- [Problem to solve]:
Nothing outside the range below should be printed. Output exactly the lines from the line with "So-called wedding candelabra" to the line with "京都で唯一、2泊3日の特別な", both included.

- [Supplied entries]:
◆ ◆ ◆ ◆ ◆ ◆ ◆
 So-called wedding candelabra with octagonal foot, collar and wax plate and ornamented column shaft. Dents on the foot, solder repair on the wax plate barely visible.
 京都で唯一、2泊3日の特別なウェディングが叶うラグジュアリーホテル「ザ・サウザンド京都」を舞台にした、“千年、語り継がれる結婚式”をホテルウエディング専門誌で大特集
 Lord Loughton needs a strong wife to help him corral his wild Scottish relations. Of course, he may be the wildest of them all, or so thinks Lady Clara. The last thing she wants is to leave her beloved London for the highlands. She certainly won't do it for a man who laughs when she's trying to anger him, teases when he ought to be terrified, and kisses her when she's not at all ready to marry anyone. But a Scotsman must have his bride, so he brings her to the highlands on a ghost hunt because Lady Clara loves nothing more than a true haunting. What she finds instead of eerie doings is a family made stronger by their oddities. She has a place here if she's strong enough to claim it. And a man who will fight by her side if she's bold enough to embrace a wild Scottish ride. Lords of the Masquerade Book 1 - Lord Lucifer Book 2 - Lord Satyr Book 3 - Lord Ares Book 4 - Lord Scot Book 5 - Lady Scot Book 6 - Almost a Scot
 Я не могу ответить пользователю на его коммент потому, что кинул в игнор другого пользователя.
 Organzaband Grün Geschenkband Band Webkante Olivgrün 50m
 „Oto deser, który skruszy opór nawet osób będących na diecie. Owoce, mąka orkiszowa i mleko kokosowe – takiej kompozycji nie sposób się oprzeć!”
◆ ◆ ◆ ◆ ◆ ◆ ◆
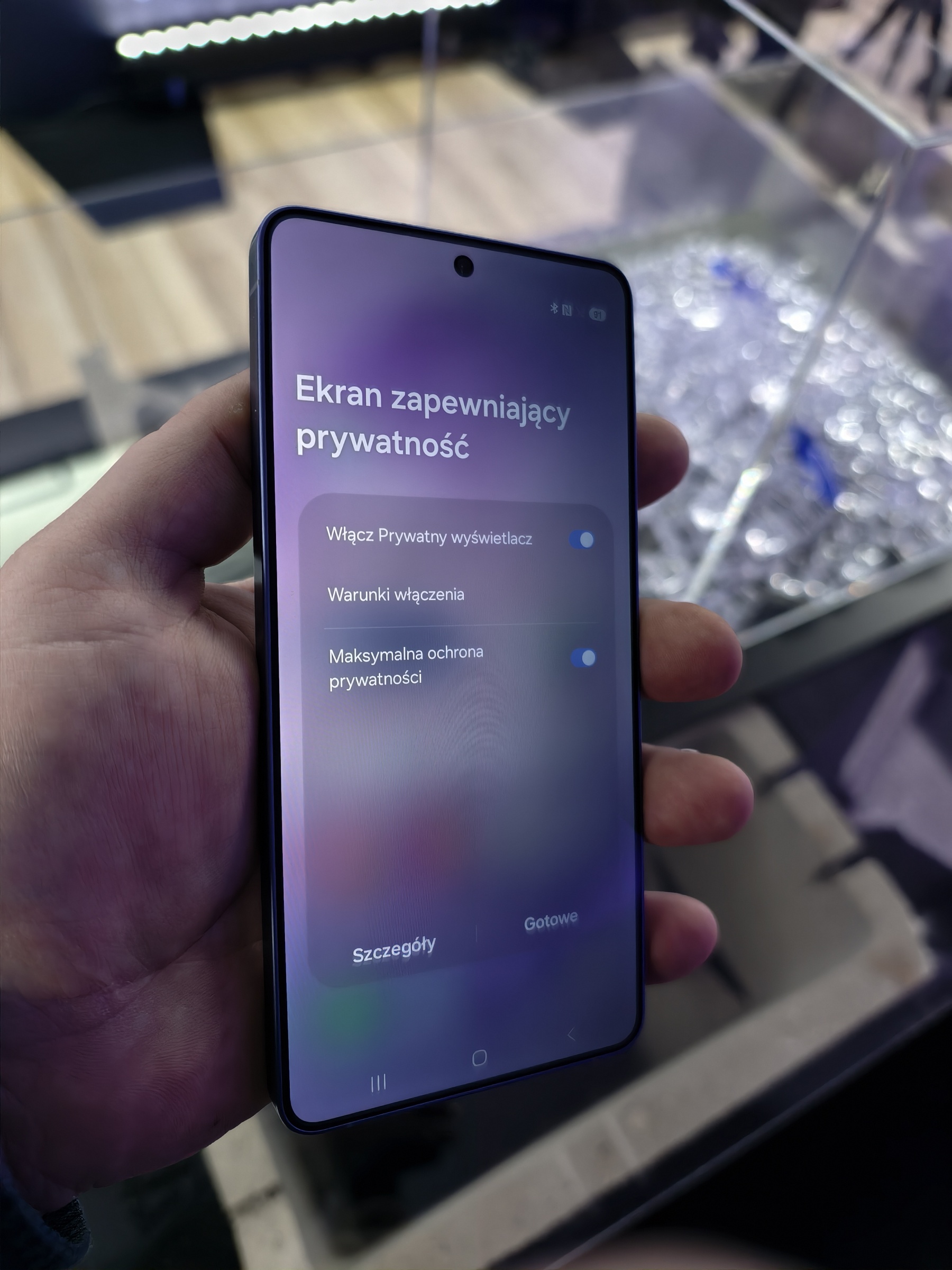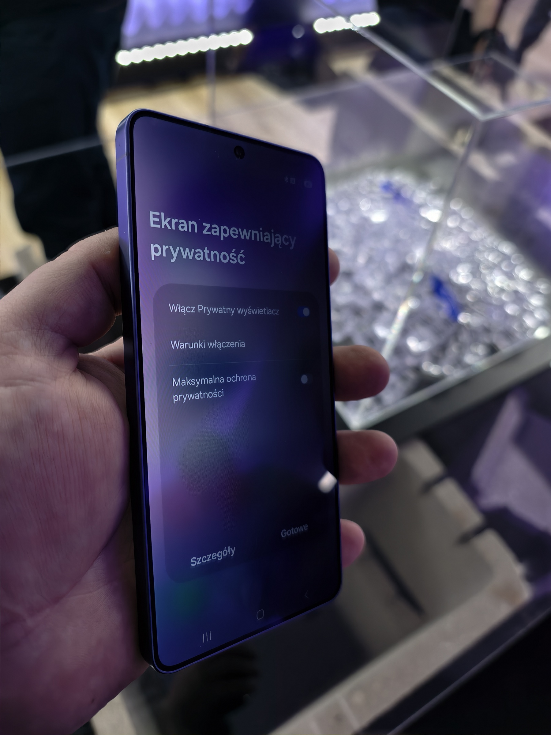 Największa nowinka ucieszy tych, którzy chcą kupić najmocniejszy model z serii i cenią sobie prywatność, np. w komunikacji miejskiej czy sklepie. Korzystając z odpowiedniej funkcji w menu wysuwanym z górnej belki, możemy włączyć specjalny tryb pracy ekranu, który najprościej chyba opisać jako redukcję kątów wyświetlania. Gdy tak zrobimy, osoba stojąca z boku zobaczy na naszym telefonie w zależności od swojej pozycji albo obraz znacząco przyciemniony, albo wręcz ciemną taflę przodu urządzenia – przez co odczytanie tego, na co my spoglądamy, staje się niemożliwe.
◆ ◆ ◆ ◆ ◆ ◆ ◆
- [Written response]:
 So-called wedding candelabra with octagonal foot, collar and wax plate and ornamented column shaft. Dents on the foot, solder repair on the wax plate barely visible.
 京都で唯一、2泊3日の特別なウェディングが叶うラグジュアリーホテル「ザ・サウザンド京都」を舞台にした、“千年、語り継がれる結婚式”をホテルウエディング専門誌で大特集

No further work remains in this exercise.